BEGIN
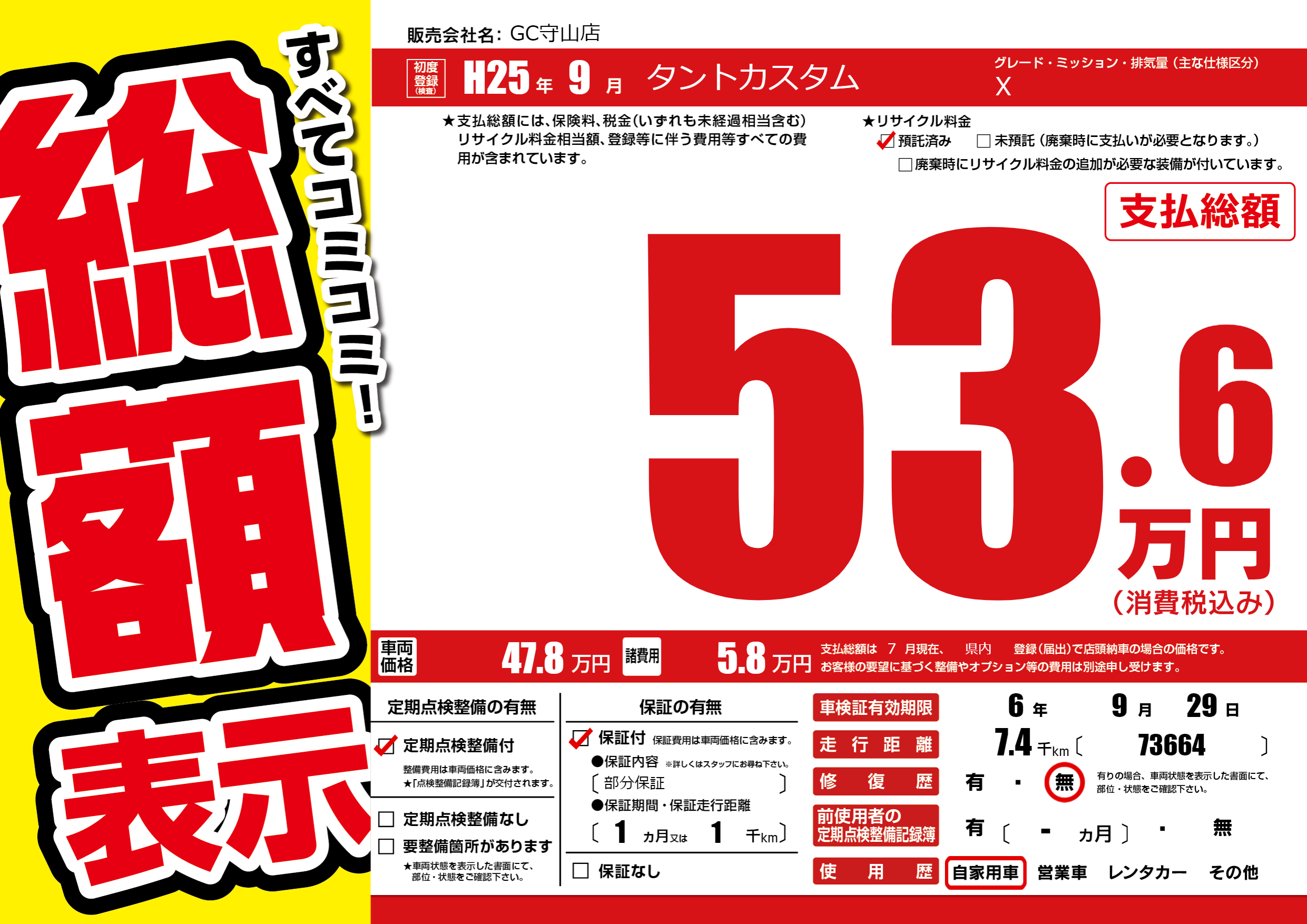 | 車検制限 | 6年 9月 29日 | ||
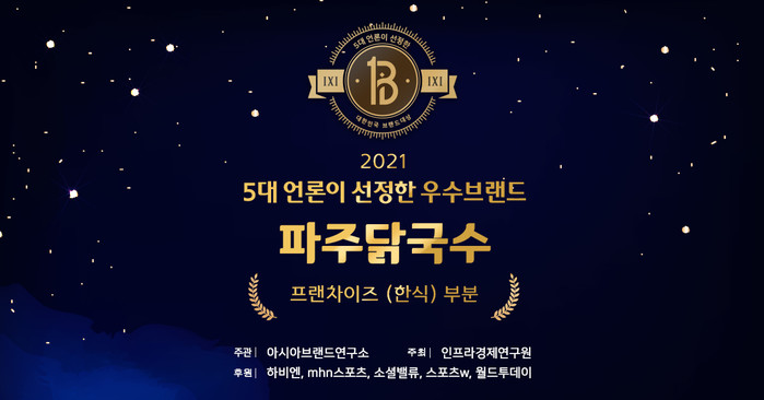 한식 프렌차이즈 업체 ㈜송정푸드의 파주닭국수가 국내 5대 언론이 뽑은 ‘올해의 대한민국 브랜드대상’에서 프랜차이즈 (한식)부문 우수 브랜드로 선정됐다고 6일 밝혔다.
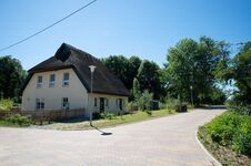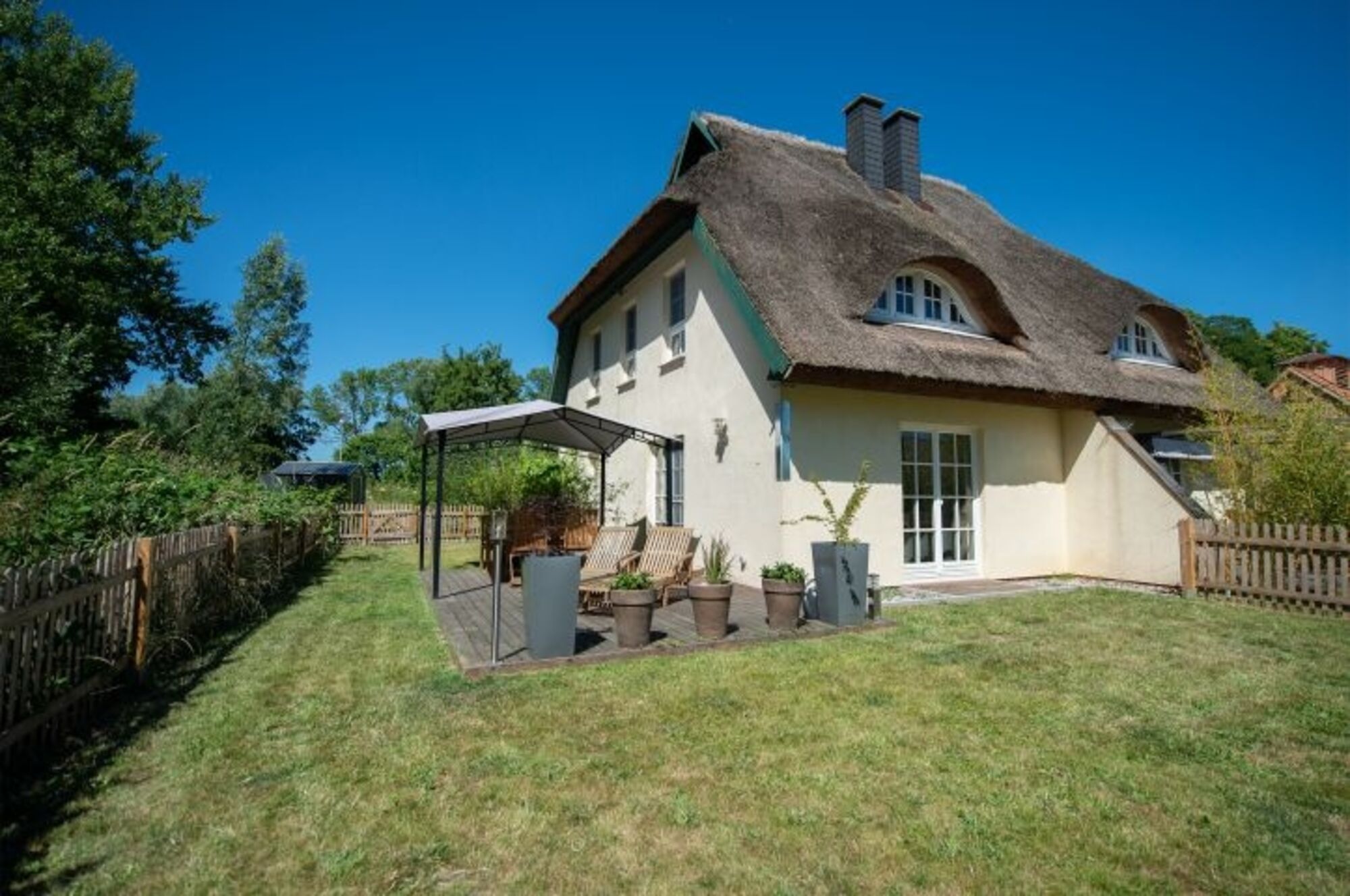 Reetdach-Doppelhaushälfte mit Garten in Boddennähe
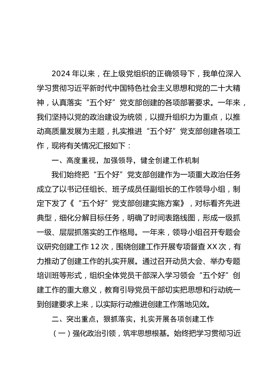 2024年以來,在上級(jí)黨組織的正確領(lǐng)導(dǎo)下,我單位深入學(xué)習(xí)貫徹習(xí)近平新時(shí)代中國特色社會(huì)主義思想和黨的二十大精神,認(rèn)真落實(shí)“五個(gè)好”黨支部創(chuàng)建的各項(xiàng)部署要求。一年來,我們堅(jiān)持以黨的政治建設(shè)為統(tǒng)領(lǐng),以提升組織力為重點(diǎn),以推動(dòng)高質(zhì)量發(fā)展為主題,扎實(shí)推進(jìn)“五個(gè)好”黨支部創(chuàng)建各項(xiàng)工作,現(xiàn)將有關(guān)情況匯報(bào)如下:一、高度重視,加強(qiáng)領(lǐng)導(dǎo),健全創(chuàng)建工作機(jī)制我們始終把“五個(gè)好”黨支部創(chuàng)建作為一項(xiàng)重大政治任務(wù)成立了以書記任組長、班子成員任副組長的工作領(lǐng)導(dǎo)小組,制定下發(fā)了《“五個(gè)好”黨支部創(chuàng)建實(shí)施方案》,對(duì)標(biāo)看齊先進(jìn)典型,細(xì)化分解目標(biāo)任務(wù),明確了時(shí)間表路線...
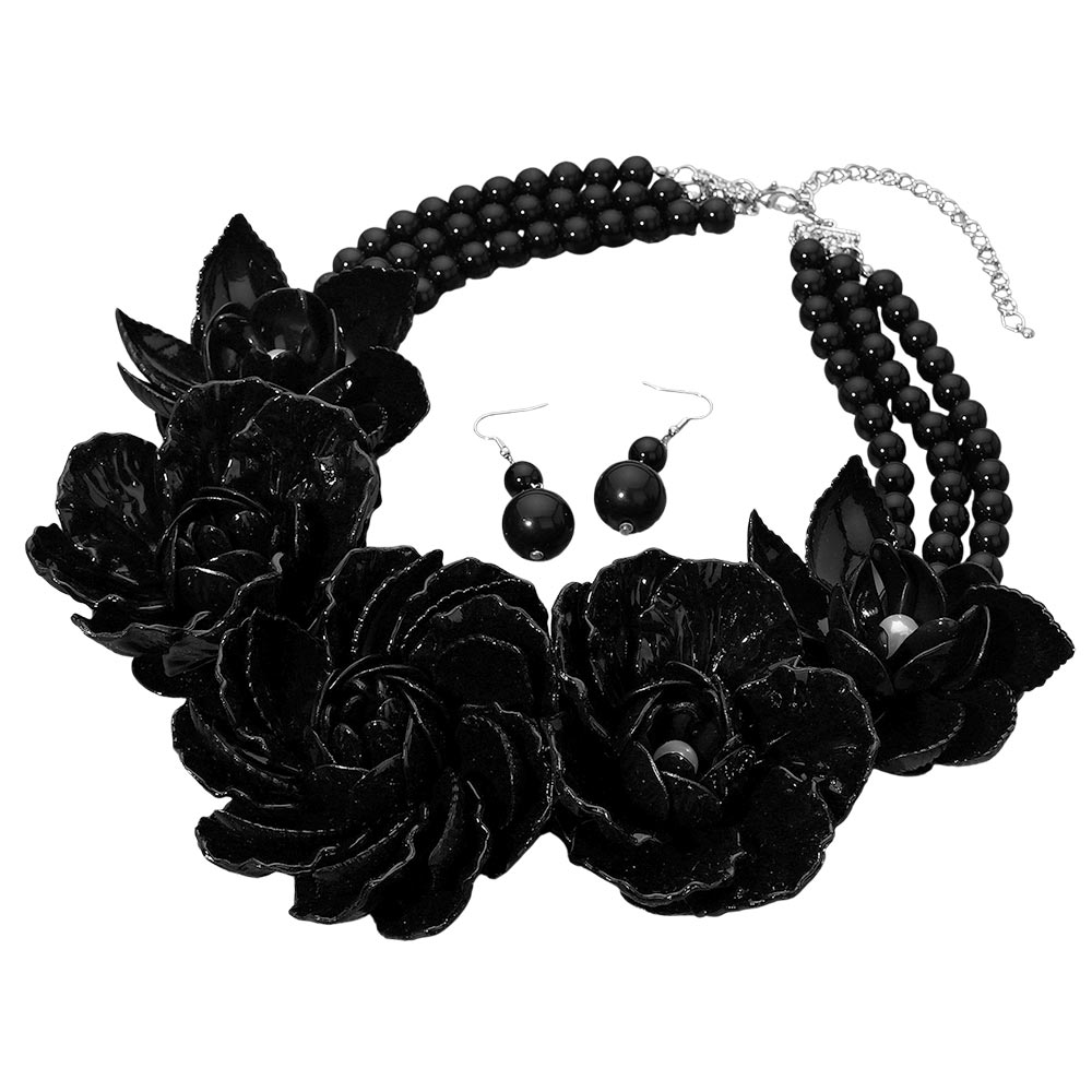 Details • Necklace Size : 21" + 4" L • Decor Size : 3.5" L • Earrings Size : 2" L • An elegant statement necklace set featuring layered floral accents and coordinating earrings with an adjustable fit. Designed to elevate formal looks, weddings, parties, and special occasions, offering graceful style and standout detail for memorable outfits. • Lead and Nickel Compliant
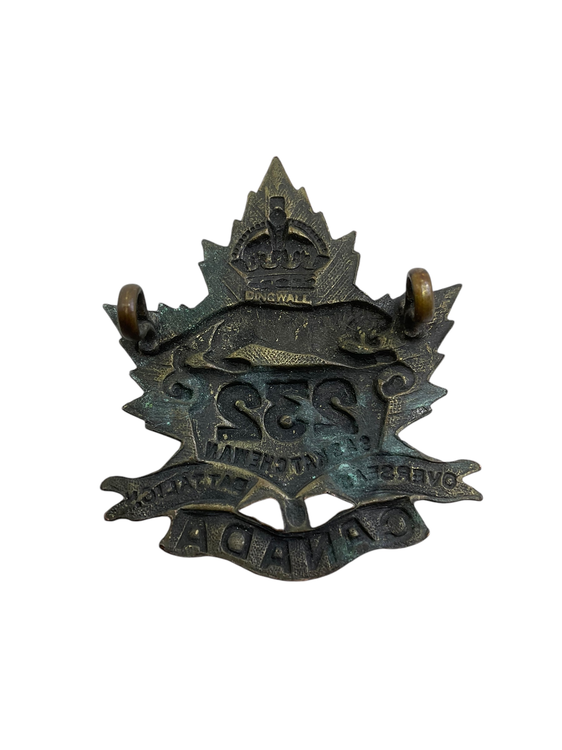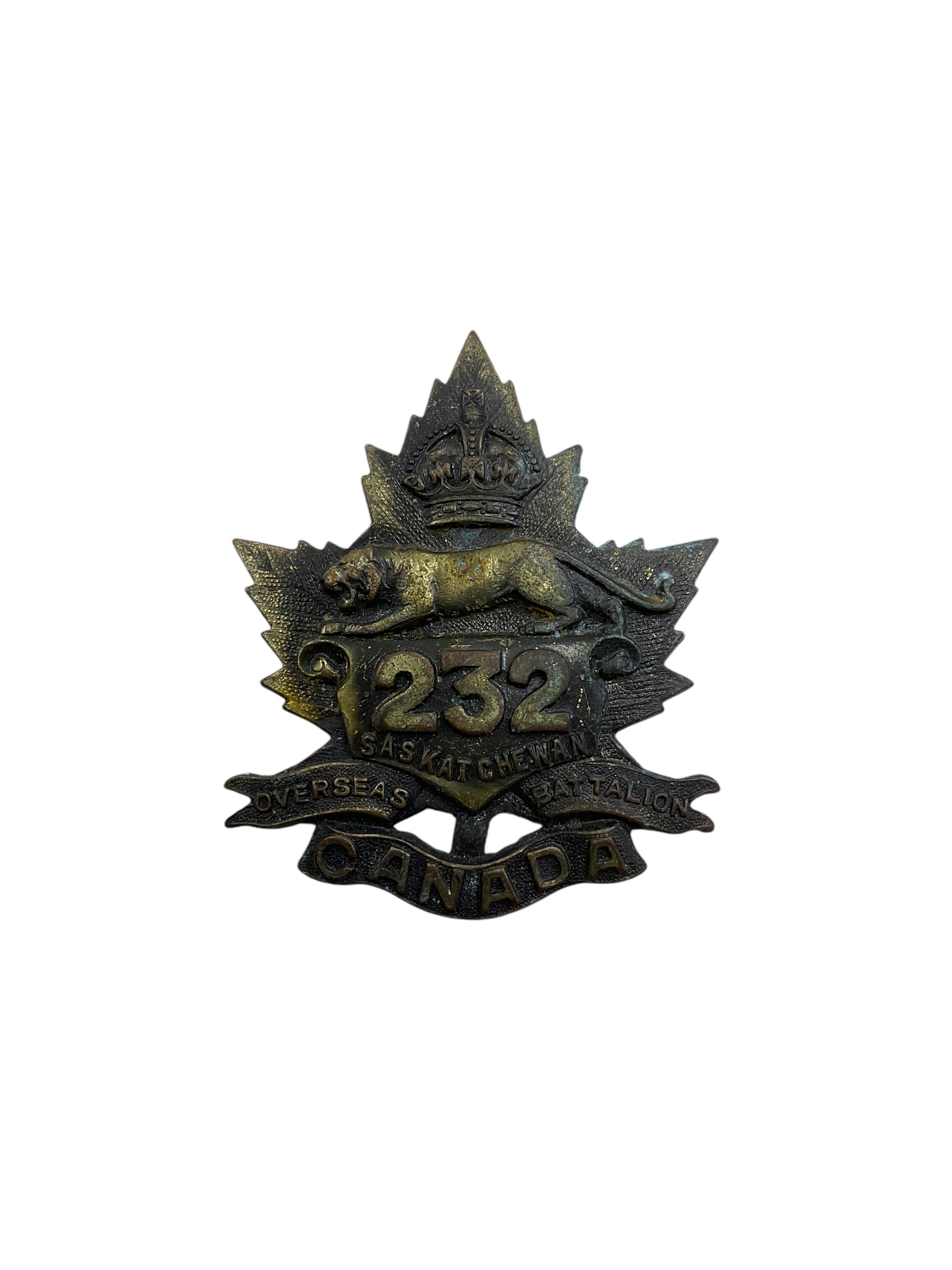 This WW1 Canadian CEF 232nd Battalion Cap Badge is a remarkable piece of military history. It belonged to the Canadian Expeditionary Force’s 232nd Battalion, which served with distinction during the First World War. Crafted from brass, this badge features the iconic Canadian maple leaf design, with the battalion number ‘232’ prominently displayed. A crown sits atop the badge symbolizing loyalty to the monarchy. The badge is in excellent condition, retaining its original lugs on the back for secure attachment to a cap. This unique piece is not only a symbol of Canadian pride and military heritage, but it also offers a tangible connection to the brave soldiers who served in one of the most significant global events of the 20th century. It’s a must-have for military collectors or history enthusiasts.
END
• _What you have to do_
Only one part of the material above is wanted: the lines from the one with "2024年以來,在上級(jí" up to and including the one with "Details • Necklace". Please copy them exactly, pictures left out.

• _Response_
 2024年以來,在上級(jí)黨組織的正確領(lǐng)導(dǎo)下,我單位深入學(xué)習(xí)貫徹習(xí)近平新時(shí)代中國特色社會(huì)主義思想和黨的二十大精神,認(rèn)真落實(shí)“五個(gè)好”黨支部創(chuàng)建的各項(xiàng)部署要求。一年來,我們堅(jiān)持以黨的政治建設(shè)為統(tǒng)領(lǐng),以提升組織力為重點(diǎn),以推動(dòng)高質(zhì)量發(fā)展為主題,扎實(shí)推進(jìn)“五個(gè)好”黨支部創(chuàng)建各項(xiàng)工作,現(xiàn)將有關(guān)情況匯報(bào)如下:一、高度重視,加強(qiáng)領(lǐng)導(dǎo),健全創(chuàng)建工作機(jī)制我們始終把“五個(gè)好”黨支部創(chuàng)建作為一項(xiàng)重大政治任務(wù)成立了以書記任組長、班子成員任副組長的工作領(lǐng)導(dǎo)小組,制定下發(fā)了《“五個(gè)好”黨支部創(chuàng)建實(shí)施方案》,對(duì)標(biāo)看齊先進(jìn)典型,細(xì)化分解目標(biāo)任務(wù),明確了時(shí)間表路線...
 Details • Necklace Size : 21" + 4" L • Decor Size : 3.5" L • Earrings Size : 2" L • An elegant statement necklace set featuring layered floral accents and coordinating earrings with an adjustable fit. Designed to elevate formal looks, weddings, parties, and special occasions, offering graceful style and standout detail for memorable outfits. • Lead and Nickel Compliant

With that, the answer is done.